Callooh, callay, oh frabjous day! On balance, the exit of the National Union of Metalworkers of South Africa (Numsa) from union federation Cosatu is a damn fine thing for South African democracy.

Ignore all the crocodile tears from the ANC government. Despite its hypocritical breast-beating and rending of garments, many in the party are delighted to see the back of Numsa, a fierce critic of the Zumatocracy’s corruption and incompetence. If the ANC really had cared, given the influence it exerts on Cosatu directly and through the other alliance member, the South African Communist Party (SACP), it would have stalled the expulsion.

The government, however, will not be enchanted that a number of smaller unions have provisionally followed Numsa from the alliance. What the ANC wants is a pliant union federation that will put party interests above worker interests. What the ANC doesn’t want is some kind of united front between those unionists who have left and the Economic Freedom Front, which was conceived under similar circumstances — the ANC ousting of a faction that had become too stridently critical.

Similarly, ignore the lefties weeping over the disintegration of the spearhead that was meant to bring about the world’s last socialist spasm, SA’s so-called “National Democratic Revolution”.

Unionists are particularly fond of emotional rhetoric about solidarity, despite the class, professional, ethnic and political cleavages that exist within their ranks.

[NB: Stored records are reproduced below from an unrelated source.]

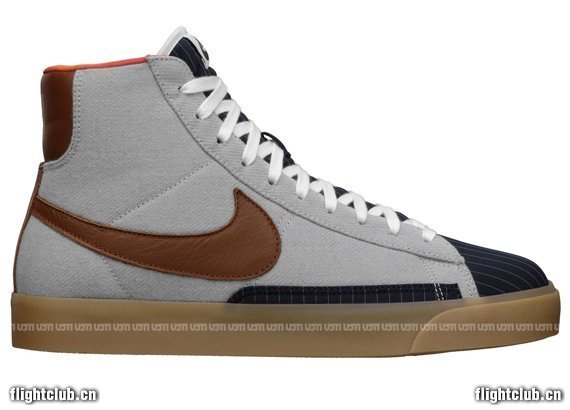 眼前这双Blazer Mid Premium同为“Nike Product Creation Experience”企划鞋款之一,灰色织物侧身搭配海军蓝色白条纹材质,内衬印染绚丽图案,后跟镭射特别的NPCE企划logo。9月7日正式上架,货号625908-001。
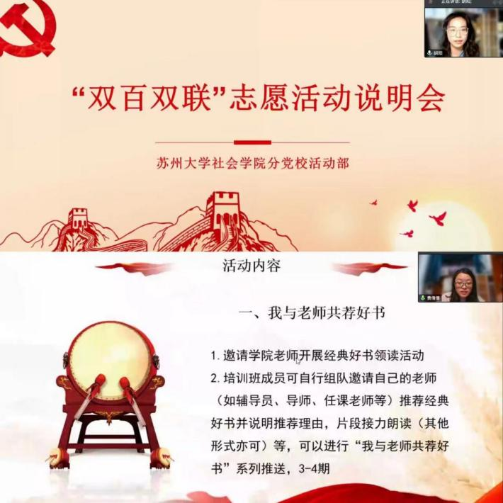 典礼第四项,本期培训班特色活动介绍。分党校活动部负责人胡阳和费倩倩分别对“双百双联”活动和党建书屋师生共读活动展开详细介绍。她们指出,“双百双联”活动将以学生党员指导2022级新生融入大学生活的形式,加强高年级学生党员与新生间的互动联系,党建书屋师生共读活动旨在培养青年学生“多读书、读好书、善读书”,营造积极向上的读书氛围,希望培训班学员积极参与其中。
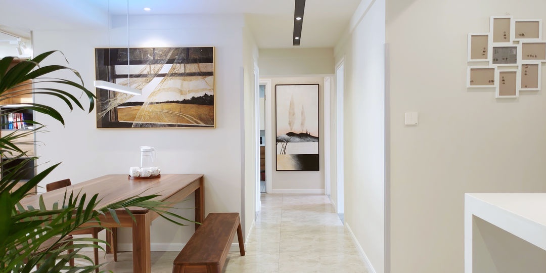 從玄關看向室內 玄關進門右手邊留有吧臺,進門后可以隨手臨時放置物品。
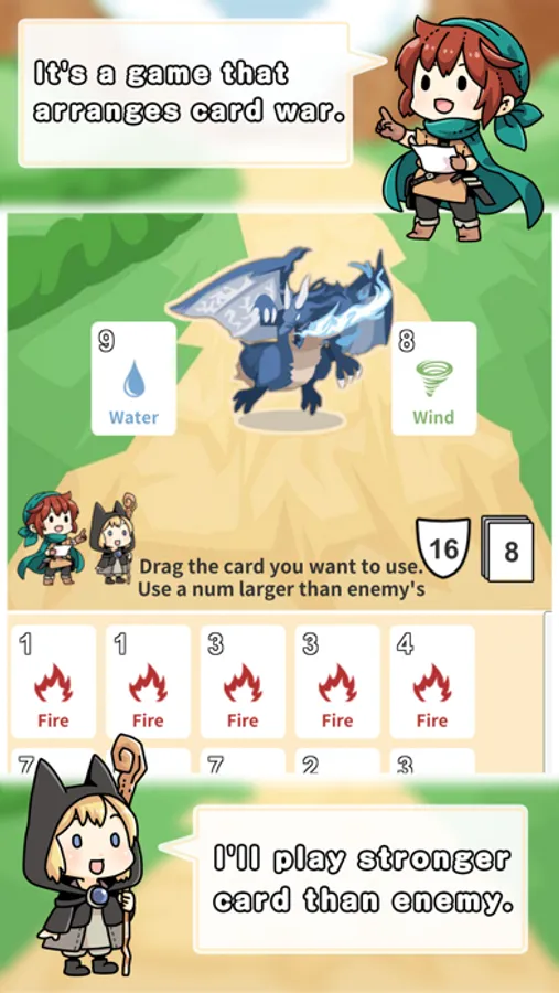If you play a card with an advantageous element, you become invincible and take no damage.
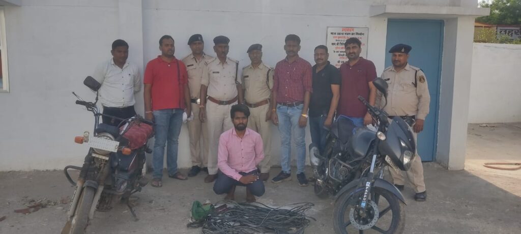 जप्ती:- केबल वॉयर, कटर मशीन, चोरी मे इस्तेमाल किये औजार, सीसीटीव्ही का एनव्हीआर एवं

But the historical truth is that in SA, workerist interests have repeatedly – at least three times – been hijacked by liberation leaders and sacrificed on the altar of political expediency.

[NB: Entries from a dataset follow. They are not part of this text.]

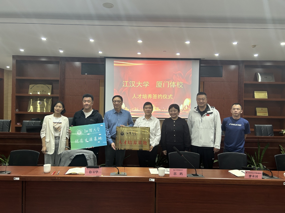 在座谈会上,厦门市体育运动学校党总支书记徐卫华对李卫东一行表示热烈欢迎,并介绍了学校的建校历史和基本情况。李卫东介绍了学校历史、学科建设、师资队伍及人才培养质量等基本情况。他说,厦门市体育运动学校作为国家重点高水平体育后备人才基地,持续为江大输送了像叶贵桐为代表的优质生源,期待两校继续在招生、实习实践等方面进一步加强合作。体育学院负责人就学院情况、招生计划做详细介绍。双方共同签署了优质生源基地合作协议和校外人才培养基地协议并授牌。
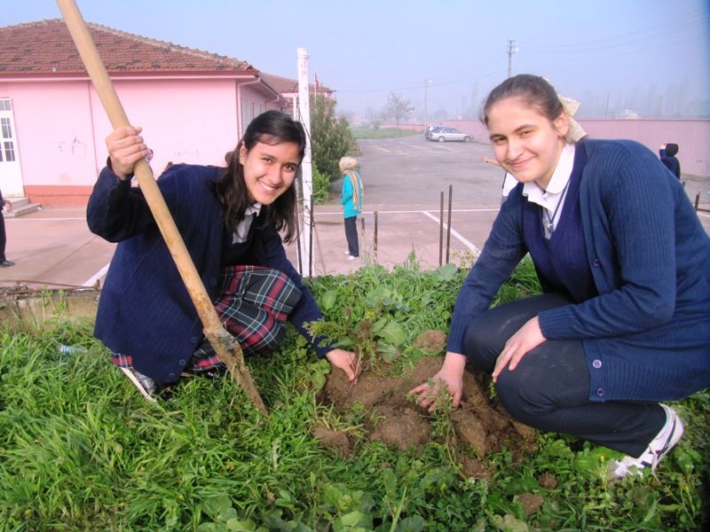 Geyve ASML öğrencileri, okulun bahçesine fidan dikti.
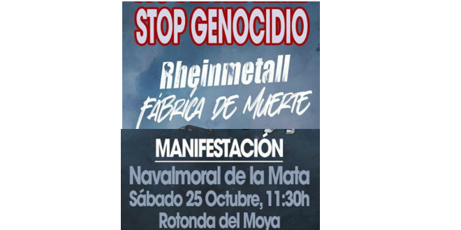 - Convocatoria del 25 de Octubre, contra el Rearme y las fábricas de muerte como Rheinmetall: Paremos el Genocidio
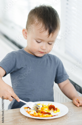 a child in a t-shirt in the kitchen eating an omelet, a fork
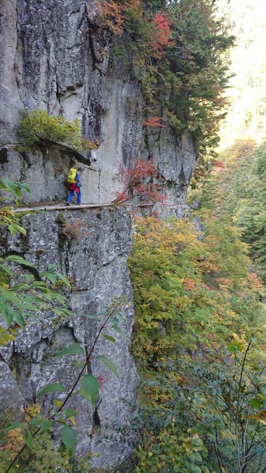 黒部峡谷 下ノ廊下 2018/10/26 Comment : 0 2018年10月22~23日、永沢、井上で下ノ廊下に紅葉狩りに行って来ました。 晴天に恵まれ、2日間素晴らしい紅葉と峡谷でした。黒部ダムから阿曽原温泉泊で欅平に抜けましたが、旧日電歩道の長さと黒部の残雪の多さに驚きました。元会員の方にも行き合い、楽しい山行となりました。 記 井上 Tweet
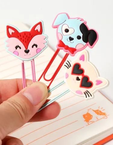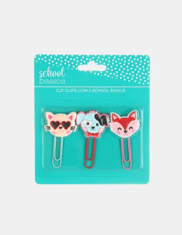 Este set incluye 3 clips metálicos decorados con figuras de animales.
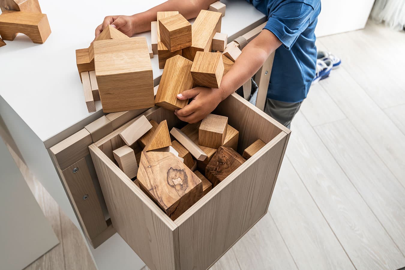 Combine the individual modules in any way you like: cabinets, shelves and platforms with capacious drawers - any combination will create an aesthetically pleasing whole. Adding open shelves will give the arrangement more lightness. Furniture in different colours allows you to create monochromatic compositions or more decisive colour mixes. As your child grows, you can completely change the arrangement.

It happened in the 1930s with the hijacking of the Industrial and Commercial Workers Union by the Communist Party of South Africa (CPSA). It happened again in the early 1940s when the CPSA was reluctant to use the leverage offered by the Second World War’s ramped up demand for labour, because following the entry into the war of the Soviet Union, the CPSA was reluctant to disrupt industrial production. Finally, during the early years of the National Party, the ANC in 1961 effectively abandoned the South African Congress of Trade Unions, jettisoning the powerful force of incremental worker advances to embrace the armed struggle.

Despite these grim auguries, Cosatu has all too readily post-1994 subordinated itself to ANC political whims, rather than taking care of shopfloor matters. The violent birth at Marikana of the rival Association of Mineworkers and Construction Union (Amcu) was one result of that neglect.

None of this is to diminish the important role that the unions have played in creating and trying to nurture SA’s democracy. Under its now suspended general secretary Zwelinzima Vavi particularly, it was fearlessly outspoken about despotic creep, here and in Zimbabwe.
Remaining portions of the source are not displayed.